Chiara nodded again, then shrugged. "The first time, it did. Now, it petrifies me."
Chiara was awakened by the door, the light footsteps, the rustling of Livia’s cape. She opened her eyes. There was no noise coming from their mother’s bed. She turned to look at it, saw Adamo kneeling, his prayers now interrupted by the arrival.
Adamo climbed off his knees, turning a stern face to his sister. "You often come in at this hour of the morning? Your dying mother wasn’t cause enough for you to be here, to comfort her and your little sister? You could not sit vigil here with the rest of us?"
Livia hung her cape on the peg at the door. She sighed before turning around to face her family. "I would have been here if I could." She marched towards the bed, sat on the edge and picked up her mother’s hand. "Now isn’t the time, Adamo."
"Oh, now you have a keen grasp of what time it is, do you? Isn’t that convenient?"
Tears welled in Chiara’s eyes. She rubbed her neck, stiff from falling asleep in the chair, then cradled her head. "Enough. Both of you stop it. Our mother deserves better than this." She looked again at the bed, felt the choke in her throat at the realization her mother was gone. A look out the window was nothing more than a means of searching for time to collect her thoughts. It was only four in the morning, the sky black, moonless, adding to the heartbreak.
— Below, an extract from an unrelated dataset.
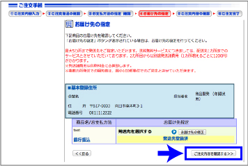 お届け先のご指定画面です。

Livia ignored Chiara. She stood, moved closer to Adamo. "And just where the hell have you been for the last three years? Where were you when she was sick, needed comforting, needed tending? You weren’t here to hold her hand when she cried out for you, asked about you, prayed for you to come home. Don’t you dare pull that sanctimonious tripe on me."
Chiara watched as her brother’s fingers curled into tight fists, as he worked his cheek even more.
Pulling up the hood of his cloak, he turned towards the door. "I will go out and make the necessary arrangements." He scrutinized Livia once more. "Perhaps you will see fit to find something more appropriate to wear in honor of the memory of your mother." He did not wait for a response.